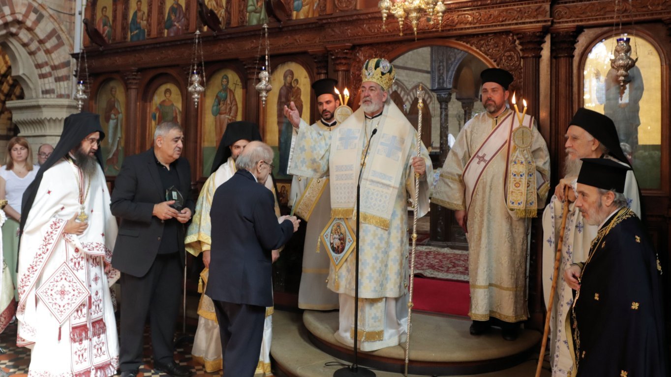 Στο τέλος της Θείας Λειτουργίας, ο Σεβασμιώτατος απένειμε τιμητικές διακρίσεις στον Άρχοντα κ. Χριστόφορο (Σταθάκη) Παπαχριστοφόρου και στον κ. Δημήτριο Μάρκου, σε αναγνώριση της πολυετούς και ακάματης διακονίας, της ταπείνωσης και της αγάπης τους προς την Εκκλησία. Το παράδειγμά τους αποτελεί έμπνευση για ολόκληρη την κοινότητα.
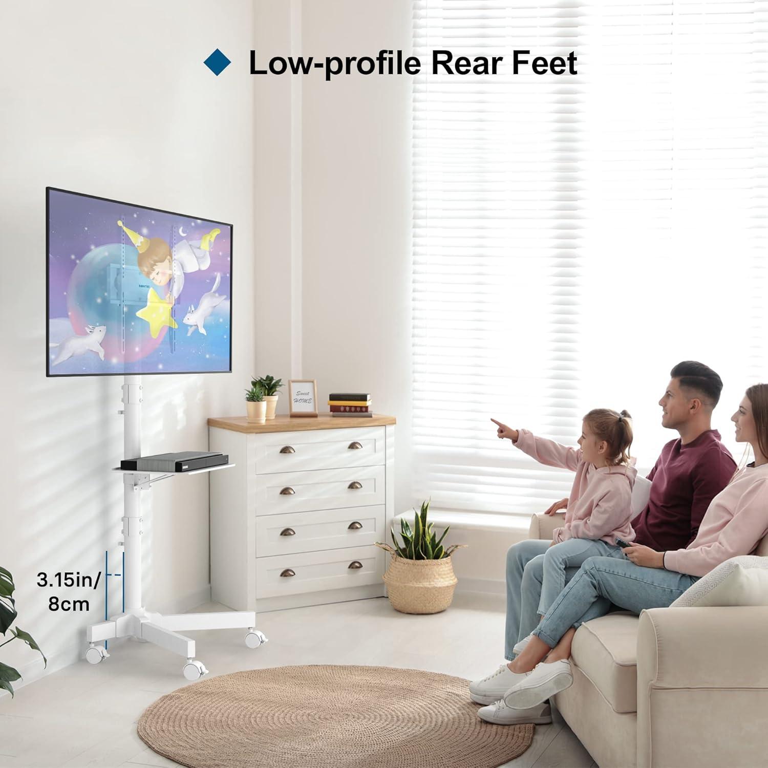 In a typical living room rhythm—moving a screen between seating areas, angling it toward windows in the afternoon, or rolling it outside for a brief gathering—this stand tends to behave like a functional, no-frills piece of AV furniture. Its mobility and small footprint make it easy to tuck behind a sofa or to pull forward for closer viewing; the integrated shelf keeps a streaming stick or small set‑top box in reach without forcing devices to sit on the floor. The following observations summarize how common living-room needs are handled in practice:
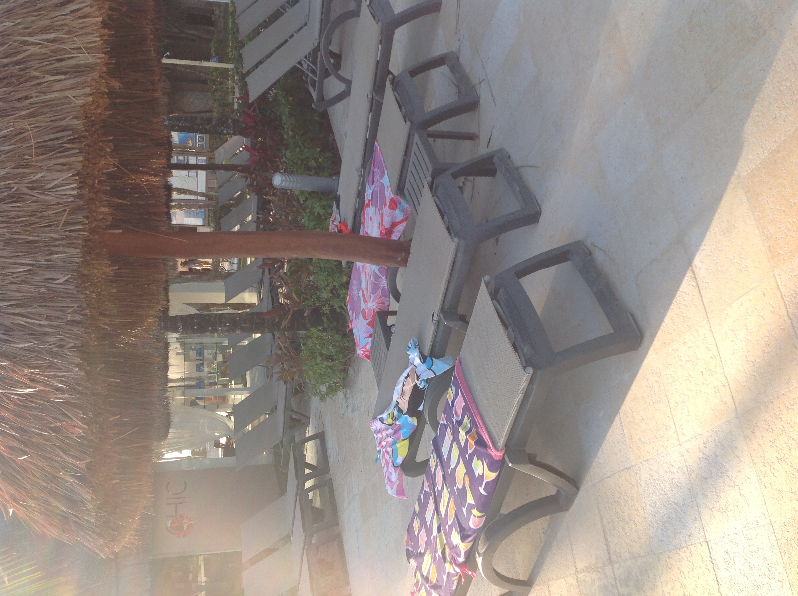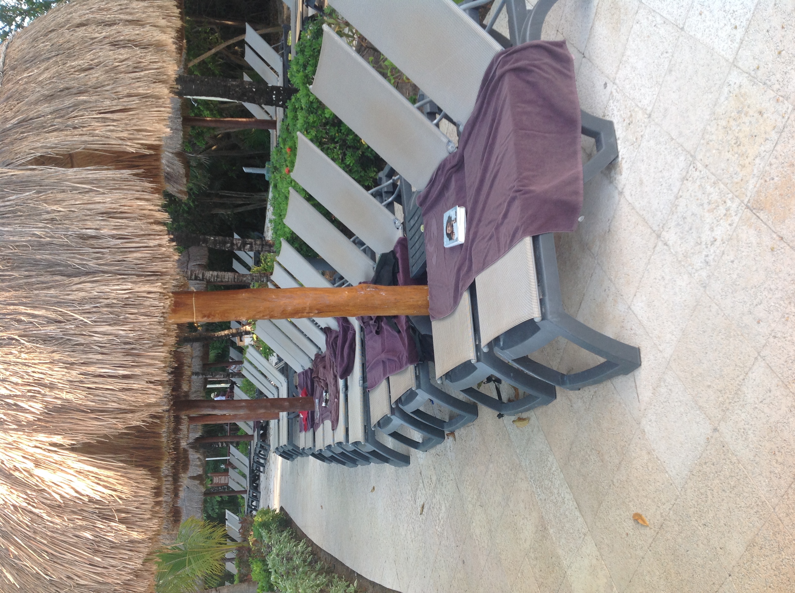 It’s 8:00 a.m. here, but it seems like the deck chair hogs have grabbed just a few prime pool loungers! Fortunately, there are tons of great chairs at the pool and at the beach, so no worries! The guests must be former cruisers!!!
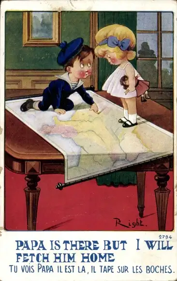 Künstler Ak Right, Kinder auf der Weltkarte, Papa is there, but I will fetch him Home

→ Work request
What is needed here is an exact transcript of the data above, pictures excluded.

→ Task solution
 Στο τέλος της Θείας Λειτουργίας, ο Σεβασμιώτατος απένειμε τιμητικές διακρίσεις στον Άρχοντα κ. Χριστόφορο (Σταθάκη) Παπαχριστοφόρου και στον κ. Δημήτριο Μάρκου, σε αναγνώριση της πολυετούς και ακάματης διακονίας, της ταπείνωσης και της αγάπης τους προς την Εκκλησία. Το παράδειγμά τους αποτελεί έμπνευση για ολόκληρη την κοινότητα.
 In a typical living room rhythm—moving a screen between seating areas, angling it toward windows in the afternoon, or rolling it outside for a brief gathering—this stand tends to behave like a functional, no-frills piece of AV furniture. Its mobility and small footprint make it easy to tuck behind a sofa or to pull forward for closer viewing; the integrated shelf keeps a streaming stick or small set‑top box in reach without forcing devices to sit on the floor. The following observations summarize how common living-room needs are handled in practice:
 It’s 8:00 a.m. here, but it seems like the deck chair hogs have grabbed just a few prime pool loungers! Fortunately, there are tons of great chairs at the pool and at the beach, so no worries! The guests must be former cruisers!!!
 Künstler Ak Right, Kinder auf der Weltkarte, Papa is there, but I will fetch him Home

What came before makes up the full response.